Lesson

Learning Objectives

  • Identify the criteria and constraints in a given engineering design problem.
  • Explain why it is important to specify criteria and constraints for an engineering problem.

Lesson Flow

Engage ➙ Explore ➙ Reflect ➙ Make Career Connections ➙ Variations

Engage (5 minutes)

  • Tell your students that you own an engineering company that makes paper airplanes. Someone has hired you to design and build a paper airplane that can fly as straight as possible. They need a plane that can quickly get from one place to another without crashing. Show them the plane you built (see Prep Work section).
  • Ask your students to watch closely, and throw the plane.
  1. What happened?
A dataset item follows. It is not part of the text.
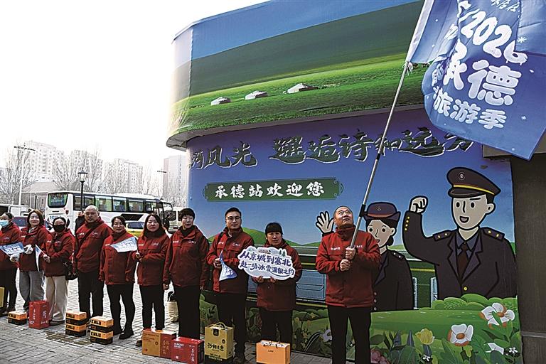 当列车缓缓驶入隆化站,一场浓缩着承德地域特色的文化展示活动精彩上演。站台上2025/2026河北承德冰雪温泉旅游季主视觉背景板格外醒目,26项重点文旅活动与5条精品旅游线路的图文展板一字排开,宛如一张生动的“承德冬季旅游地图”。国家级非遗项目《二贵摔跤》诙谐登场,演绎出民间智慧与生活情趣;围场蒙古族歌舞队献上马头琴演奏与长调合唱,苍茫悠远的旋律,仿佛将人带回辽阔草原的雪夜深处。
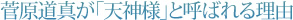 もともと「天神」とは雷の神様ですが、菅原道真が祀られる全国の神社は「天満宮」「天神社」などと呼ばれ、今日では菅原道真=天神様という構図で知られています。

Did anything go wrong?
  2. The plane was supposed to fly straight, but instead it flew in loops or spirals.
  3. Do you think the customer (the person who hired you to make the plane) will be happy?
  4. No, they will probably be mad because you did not build what they wanted.
  5. Why do you think this happened? Could this problem have been prevented?
  6. Maybe you did not pay attention when the customer told you what they wanted, or maybe you did not test your plane after you built it.
  • Explain that today in class, you (the teacher) will be the customer and they (the students) will form paper airplane companies. As a customer, you will have some criteria for a good paper airplane. Criteria are like goals or objectives. They define what the paper airplane (or in general, the solution to any engineering problem) should do to be considered "good" or "successful." Each team will produce one final paper airplane design and demonstrate whether it meets the criteria. However, they will also face some constraints, or limitations. They will not have all day or as much paper as they want to make their planes. They will find out the details for the criteria and constraints in a few minutes.
  • Recommended: if you have a lot of students who have never made a paper airplane before, walk the whole class through building a simple design, one step at a time. You can use the basic or intermediate designs from our paper airplane instructions handout, which is available to help students get started with some different designs.